Рюмка слева — чистая, на правой — разводы хиромантии, концентрические кружки, намеки на неправедный заработок, растрату наследства.

— Почему, Хынек? У нас ведь получалось раньше.

— Не могу. Кровотечение с прошлой субботы.

Суббота, 30 октября. Если написать письмо, дойдет к сроку. Черная тушь, истерика росчерка, буква «аш» торчит виселицей во дворе военного трибунала. Пришивали собачьи головы к туловищам казненных, ловили сигналы сириуса-б. Избиты и изнасилованы патрулем.

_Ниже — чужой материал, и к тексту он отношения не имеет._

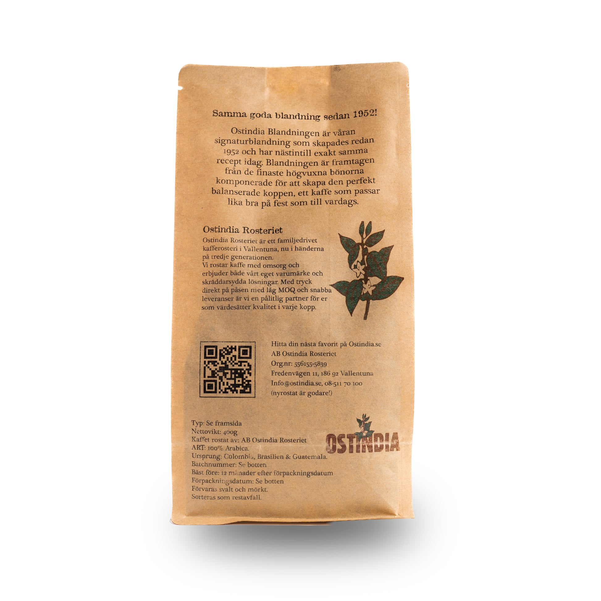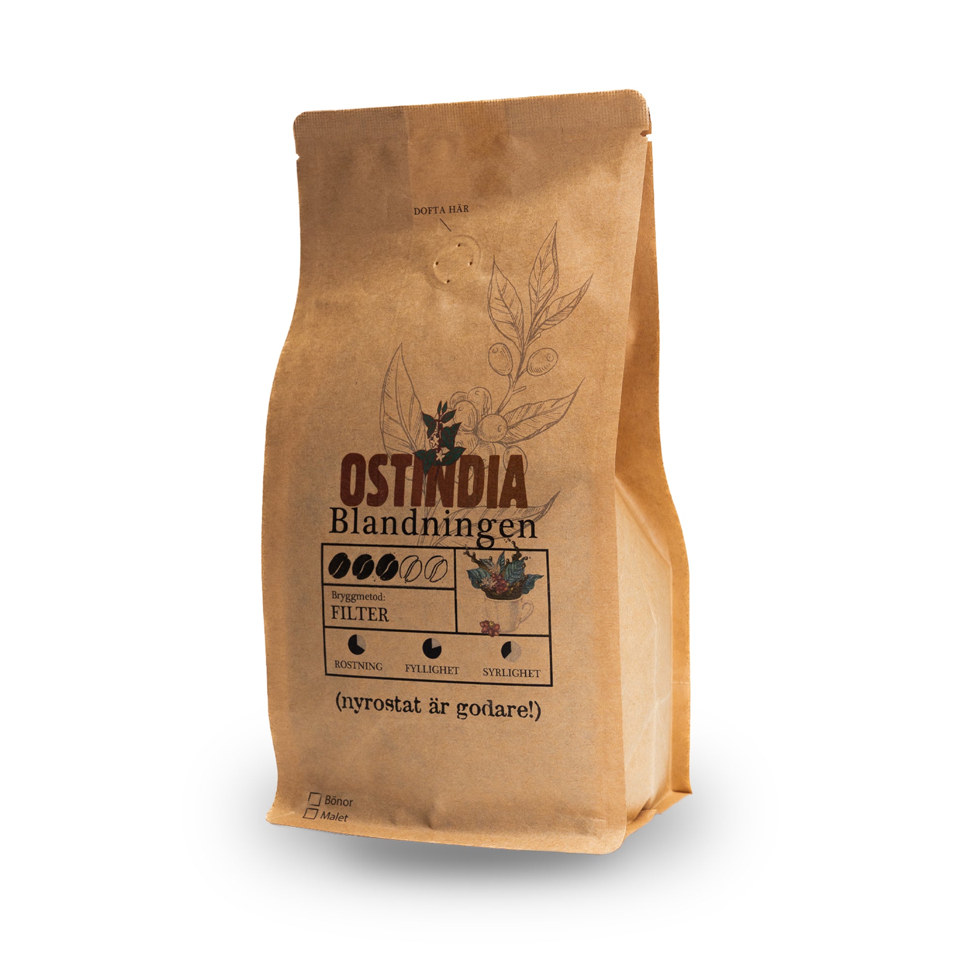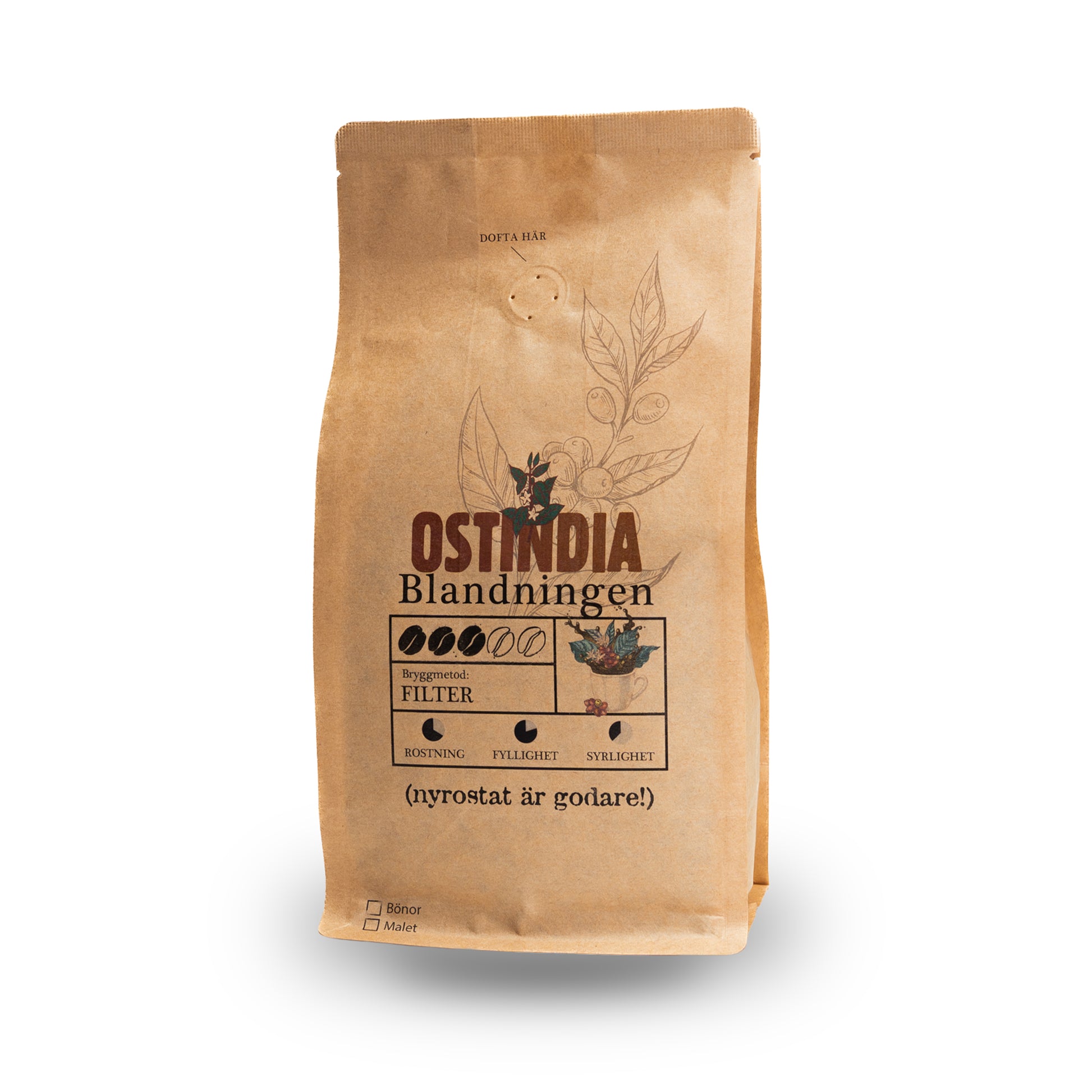 Ostindia blandningen är våran signaturblandning och skapades redan 1952 och har nästintill exakt samma recept idag. Blandningen är framtagen av de finaste högvuxna bönorna som är komponerade för att skapa den perfekta balanserade koppen, ett kaffe som passar lika bra på fest som till vardags.
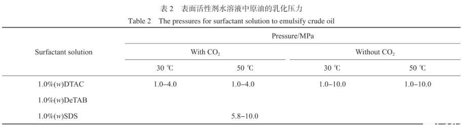 實驗中觀察到原油的乳化情況與體系壓力及CO2存在與否的相關性,表2是CO2存在與CO2不存在條件下,1.0~10.0 MPa范圍內,表面活性劑水溶液中原油的乳化壓力。50℃時,在DTAC水溶液/原油體系中,CO2不存在時,水靜壓在1.0~10.0 MPa范圍內,始終存在原油的乳化現(xiàn)象。CO2存在時,體系壓力低于4.0 MPa時,存在原油的乳化現(xiàn)象,隨著CO2壓力升高,油水界面張力增大,原油乳化現(xiàn)象消失。說明在DTAC水溶液/原油體系中,CO2的存在不利于原油的乳化。50℃時,在SDS水溶液/原油體系中,CO2不存在時,水靜壓從1.0 MPa升高至10.0 MPa過程中,始終未出現(xiàn)原油的乳化現(xiàn)象。CO2存在時,體系壓力升高到5.8 MPa以上,原油開始出現(xiàn)乳化、拉絲的現(xiàn)象。這說明CO2的存在有利于SDS水溶液乳化原油。其原因如下:一方面CO2的存在降低了SDS水溶液與原油的界面張力;另一方面,CO2通過水相擴散進入原油中,降低了原油的黏度,增強了原油的流動性,同時CO2對原油中輕質組分的萃取,也有助于原油中的輕質組分擴散進入水相。因此高壓CO2增強了SDS水溶液對原油的乳化作用。在DeTAB水溶液/原油體系中,油水界面張力較大,無論CO2存在與否,始終沒有原油乳化現(xiàn)象的發(fā)生。
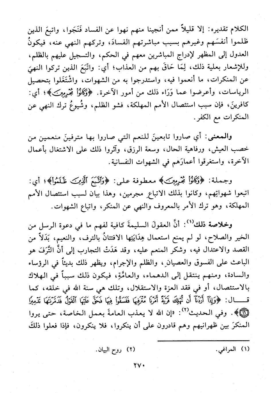 وخلاصة ذلك (¬1): أنَّ العقولَ السليمةَ كافية لفهم ما في دعوة الرسل من الخير والصلاح، لو لم يمنع استعمال هِدَايَتِها الافتتانُ بالترف، والنعيم، بَدَلًا من القصد والاعتدال فيه، وشكر المنعم عليه، وقد هَدَتْ التجارب إلى أنَّ التَّرَفَ هو الباعث على الفسوق والعصيانِ، والظلم والإجرام، ويظهر ذلك بديئًا في الرؤساء والسادة، ومنهم ينتقل إلى الدهماء، والعامَّةِ، فيكون ذلك سببًا في الهلاك بالاستئصال، أو في فقد العزة والاستقلال، وتلك هي سنة الله في خلقه، كما قال: {وَإِذَا أَرَدْنَا أَنْ نُهْلِكَ قَرْيَةً أَمَرْنَا مُتْرَفِيهَا فَفَسَقُوا فِيهَا فَحَقَّ عَلَيْهَا الْقَوْلُ فَدَمَّرْنَاهَا تَدْمِيرًا (16)}. وفي الحديث (¬2): "إن الله لا يعذب العامةَ بعمل الخاصة، حتى يروا المنكرَ بين ظهرانيهم وهم قادرون على أن ينكروا، فلا ينكرون، فإذا فعلوا ذلكَ

Жан Донет воскресший. Смотрит на белую кнопку — безвольный рот, продажная перистальтика, драгоценный мизинец с тибетским штампом. Верба в левой руке. Красная печать дансинга на запястье. Знак солнца и аполлона — кружок с точкой, грозит потерей зрения. Привыкнуть к чужому телу, ко всем ошибкам и оползням, клинописи ресторанов, сигналам печени, наветам рукоблудия. Кормить его сердцами артишоков и пыльцой гречихи, поливать розовой водой. Варум, Хынек?